Из такой теории вытекал соответствующий практический вывод об отношениях московских государей к церковным делам. По словам Иосифа Волоколамского, высшая юрисдикция в церковной сфере принадлежит государю, потому что ему предал Бог "милость и суд, и церковное и монастырское, и всего православного христианства всея Русские земли власть и попечение вручил ему". А потому "царский суд святительским судом не посужается ни от кого". Царя другой писатель (Георгий Скрипица) в 1503 г. признает высшей апелляционной инстанцией даже на суд собора и патриарха: "аще ли патриарх с собором изобидит кого не по правилом, ино царь разсудит их по правилом свв. отец и отмстит виноватому".

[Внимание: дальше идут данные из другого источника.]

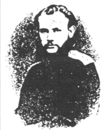
Петр Алексеевич Кропоткин (1864 г.)

Напрасно поэтому в русской церковной литературе делались, параллельно с вышеизложенной яркой теорией авторитета государственной власти, попытки поставить авторитет священства выше царства. Московские государи уже крепко забрали в свои руки оружие, данное им самими же представителями церкви, и начинали все смелее и бесконтрольнее пользоваться им в своих видах. С этих пор история взаимоотношений властей церковной и государственной уже навсегда и вполне решительно склонилась к перевесу государства над церковью.

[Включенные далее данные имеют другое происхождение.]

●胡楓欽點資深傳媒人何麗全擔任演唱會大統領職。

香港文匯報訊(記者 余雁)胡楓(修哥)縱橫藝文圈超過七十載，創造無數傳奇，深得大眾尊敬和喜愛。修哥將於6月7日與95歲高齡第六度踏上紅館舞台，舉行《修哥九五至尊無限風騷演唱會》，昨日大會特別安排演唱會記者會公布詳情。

Теперь, после представленных доказательств роста самосознания и власти московских государей в конце XV и начале XVΙ вв., для нас будет уже вполне понятен характер взаимных отношений высшей церковной и государственной властей за этот период времени. Так, избрание митрополита Симона, по-видимому, произошло всецело по воле великого князя Ивана III Васильевича и только формальным образом было обставлено участием собора епископов, а при посвящении Симона в митрополиты впервые был введен особый церемониал, имевший целью придать чину поставления тот же вид, как в КПле совершалось поставление патриархов, и наглядно показать, что митрополит заимствует свою власть от государя. Церемониал этот был таков. После соборного наречения нового митрополита и представления его государю во дворце, государь со свитой провожал его в Успенский собор для поклонения святыням, а оттуда на митрополичий двор; только в западных дверях митрополичьего двора великий князь передал новонареченного митрополита епископам, подчеркнув этим свое первенство в деле его избрания. При самом посвящении, по окончании богослужения, когда наступил момент возведения новопоставленного митрополита на митрополичье место, великий князь сам вручил ему символ власти — пастырский жезл и свое право инвеституры опять выразил в следующей краткой речи: "Всемогущая и Животворящая Св. Троица, даруюшая нам всея Руси государство, подает тебе сий святый великий престол архиерейства, митрополию всея Руси — жезл пастырства, отче, восприими и моли Бога о нас и о наших детях и о всем православии".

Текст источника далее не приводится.